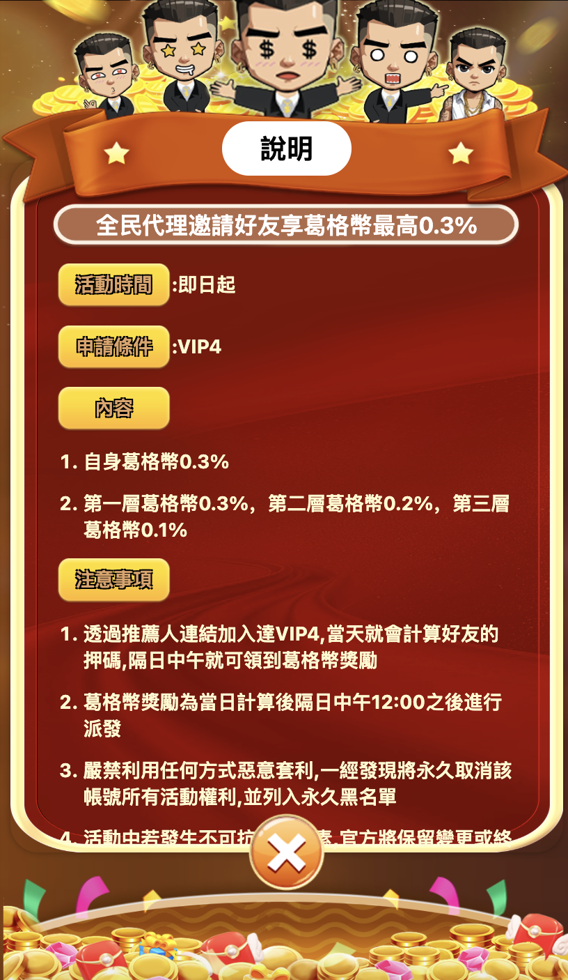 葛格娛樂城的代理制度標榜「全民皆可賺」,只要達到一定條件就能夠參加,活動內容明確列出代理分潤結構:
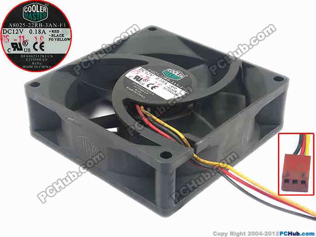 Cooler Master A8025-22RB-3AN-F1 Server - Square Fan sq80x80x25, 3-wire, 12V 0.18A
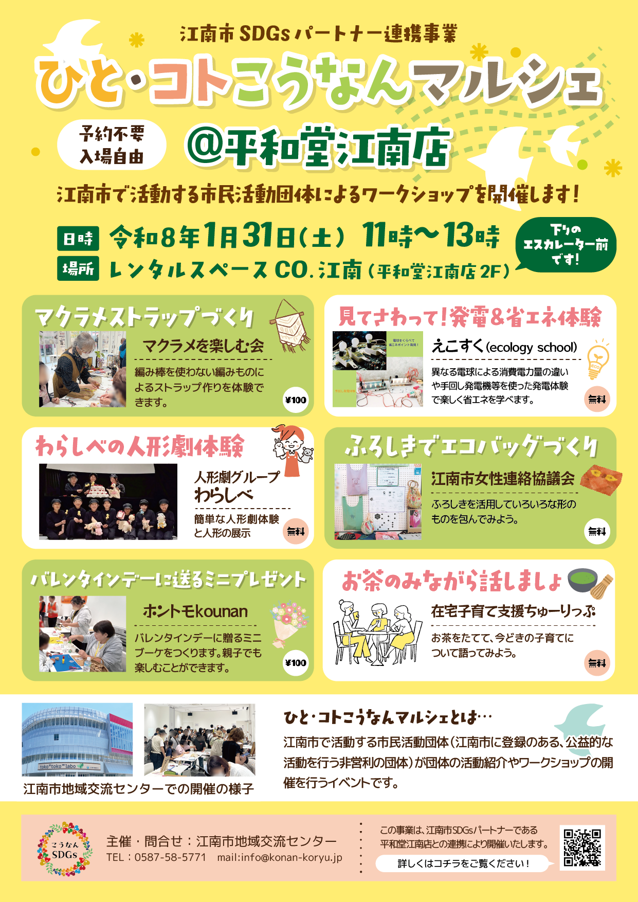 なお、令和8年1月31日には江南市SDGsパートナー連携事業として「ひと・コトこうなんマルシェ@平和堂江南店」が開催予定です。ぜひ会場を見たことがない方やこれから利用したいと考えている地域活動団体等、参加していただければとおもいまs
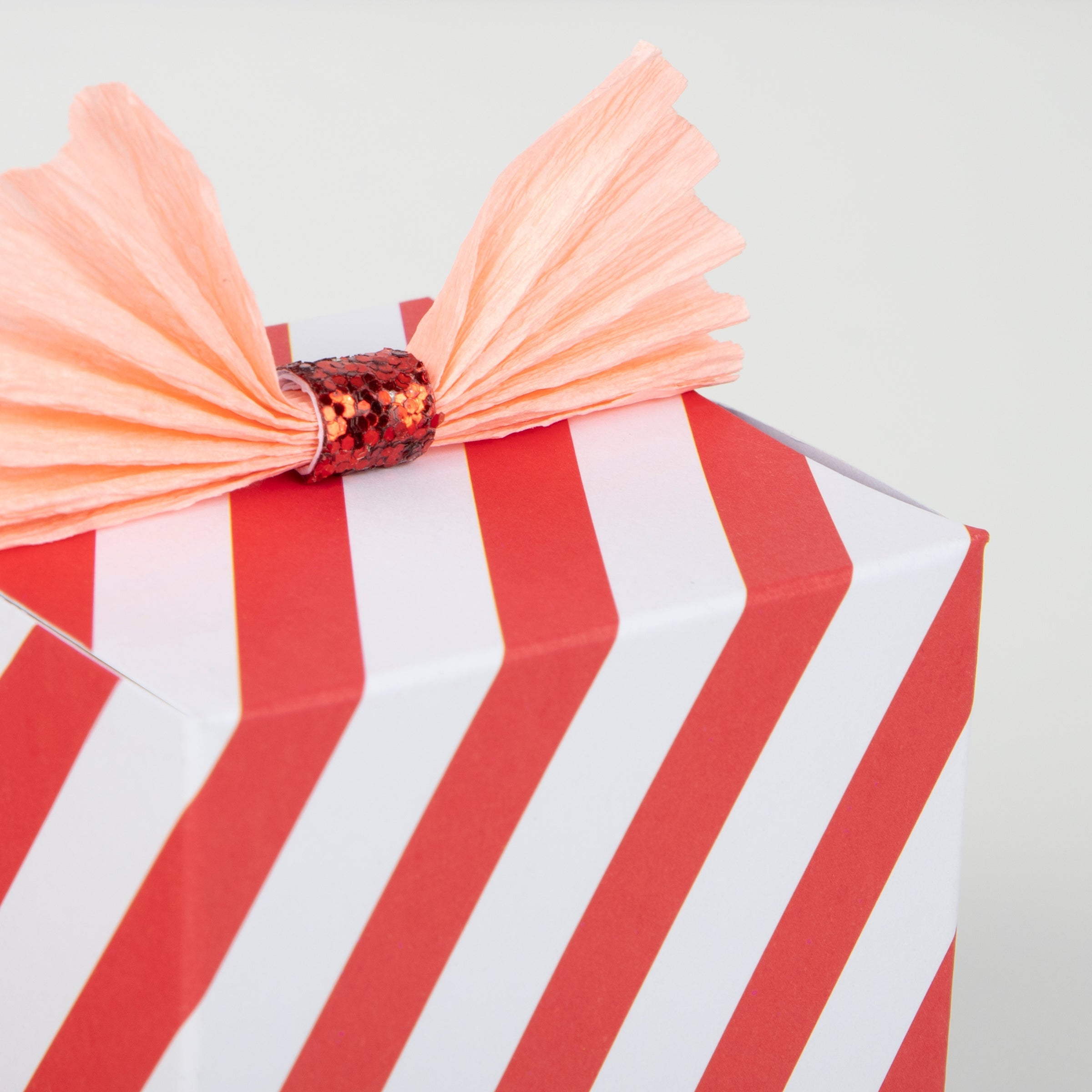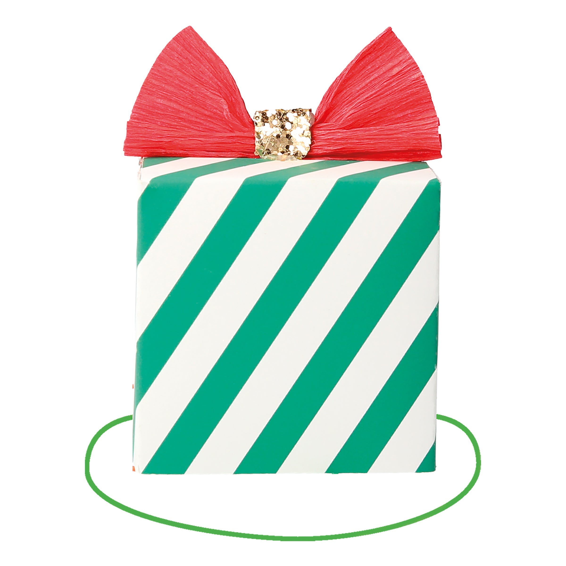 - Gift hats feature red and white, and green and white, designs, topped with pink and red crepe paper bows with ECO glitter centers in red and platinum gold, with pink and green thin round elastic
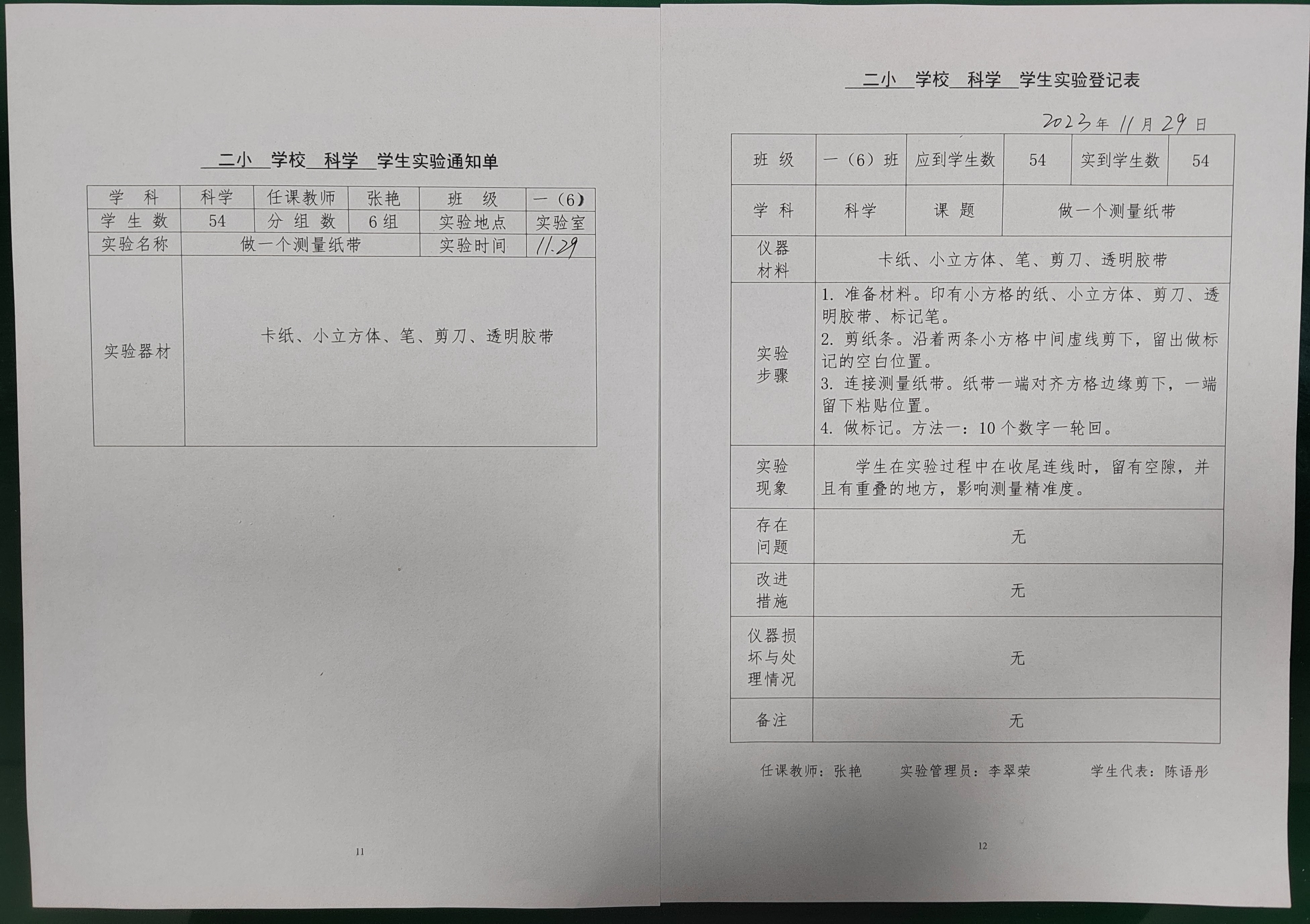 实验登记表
######
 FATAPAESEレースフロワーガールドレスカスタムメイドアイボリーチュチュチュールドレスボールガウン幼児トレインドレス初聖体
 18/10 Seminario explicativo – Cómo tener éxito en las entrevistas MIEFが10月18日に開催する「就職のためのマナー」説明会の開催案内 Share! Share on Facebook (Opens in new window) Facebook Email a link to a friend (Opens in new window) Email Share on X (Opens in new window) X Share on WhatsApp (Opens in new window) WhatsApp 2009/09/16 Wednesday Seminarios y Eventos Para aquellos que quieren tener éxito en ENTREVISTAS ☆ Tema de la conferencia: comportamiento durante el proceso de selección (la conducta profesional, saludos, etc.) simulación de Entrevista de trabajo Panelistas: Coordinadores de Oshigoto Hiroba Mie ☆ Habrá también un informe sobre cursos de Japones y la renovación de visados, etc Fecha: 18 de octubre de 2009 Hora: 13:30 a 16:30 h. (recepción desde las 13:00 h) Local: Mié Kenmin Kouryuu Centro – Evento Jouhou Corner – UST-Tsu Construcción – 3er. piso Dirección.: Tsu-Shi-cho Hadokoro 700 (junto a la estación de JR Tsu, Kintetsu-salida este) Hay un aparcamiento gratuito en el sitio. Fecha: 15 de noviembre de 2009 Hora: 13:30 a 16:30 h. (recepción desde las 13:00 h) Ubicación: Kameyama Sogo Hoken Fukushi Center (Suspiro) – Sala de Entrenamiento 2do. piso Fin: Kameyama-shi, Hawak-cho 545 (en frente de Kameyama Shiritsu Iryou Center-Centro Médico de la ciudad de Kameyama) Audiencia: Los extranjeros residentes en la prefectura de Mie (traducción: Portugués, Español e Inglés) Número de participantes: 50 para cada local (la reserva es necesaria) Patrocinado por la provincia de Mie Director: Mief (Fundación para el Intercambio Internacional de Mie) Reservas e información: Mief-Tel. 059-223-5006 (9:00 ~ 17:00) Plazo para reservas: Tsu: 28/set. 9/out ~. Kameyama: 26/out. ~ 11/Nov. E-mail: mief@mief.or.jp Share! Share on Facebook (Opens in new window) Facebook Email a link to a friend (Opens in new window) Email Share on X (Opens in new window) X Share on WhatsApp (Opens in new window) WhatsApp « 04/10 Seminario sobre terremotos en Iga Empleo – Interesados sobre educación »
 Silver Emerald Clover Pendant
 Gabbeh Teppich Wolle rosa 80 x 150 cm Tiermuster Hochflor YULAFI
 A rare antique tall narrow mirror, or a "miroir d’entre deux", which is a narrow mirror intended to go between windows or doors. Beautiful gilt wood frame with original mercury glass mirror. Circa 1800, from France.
######
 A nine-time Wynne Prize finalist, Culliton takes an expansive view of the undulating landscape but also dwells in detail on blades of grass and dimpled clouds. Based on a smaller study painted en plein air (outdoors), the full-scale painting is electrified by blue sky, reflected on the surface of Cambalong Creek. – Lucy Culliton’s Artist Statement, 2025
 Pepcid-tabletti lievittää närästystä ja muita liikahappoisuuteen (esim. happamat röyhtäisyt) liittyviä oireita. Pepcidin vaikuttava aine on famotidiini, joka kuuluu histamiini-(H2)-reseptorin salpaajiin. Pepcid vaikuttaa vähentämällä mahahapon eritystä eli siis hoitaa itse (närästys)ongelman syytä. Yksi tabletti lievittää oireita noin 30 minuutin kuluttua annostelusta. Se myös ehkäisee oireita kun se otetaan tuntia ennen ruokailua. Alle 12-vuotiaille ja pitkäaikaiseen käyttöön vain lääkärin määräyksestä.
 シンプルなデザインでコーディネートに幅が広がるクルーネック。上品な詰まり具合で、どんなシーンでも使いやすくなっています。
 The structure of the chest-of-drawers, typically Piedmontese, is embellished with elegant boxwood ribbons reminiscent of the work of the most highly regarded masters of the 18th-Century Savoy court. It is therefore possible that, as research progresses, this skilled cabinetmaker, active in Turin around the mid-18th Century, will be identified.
######
▸ EXERCISE PROMPT
Copy out exactly the lines above beginning with the line that contains "葛格娛樂城的代理制度標榜「全" and finishing with the line that contains "なお、令和8年1月31日には", including both; leave the pictures out.

▸ RESULT
 葛格娛樂城的代理制度標榜「全民皆可賺」,只要達到一定條件就能夠參加,活動內容明確列出代理分潤結構:
 Cooler Master A8025-22RB-3AN-F1 Server - Square Fan sq80x80x25, 3-wire, 12V 0.18A
 なお、令和8年1月31日には江南市SDGsパートナー連携事業として「ひと・コトこうなんマルシェ@平和堂江南店」が開催予定です。ぜひ会場を見たことがない方やこれから利用したいと考えている地域活動団体等、参加していただければとおもいまs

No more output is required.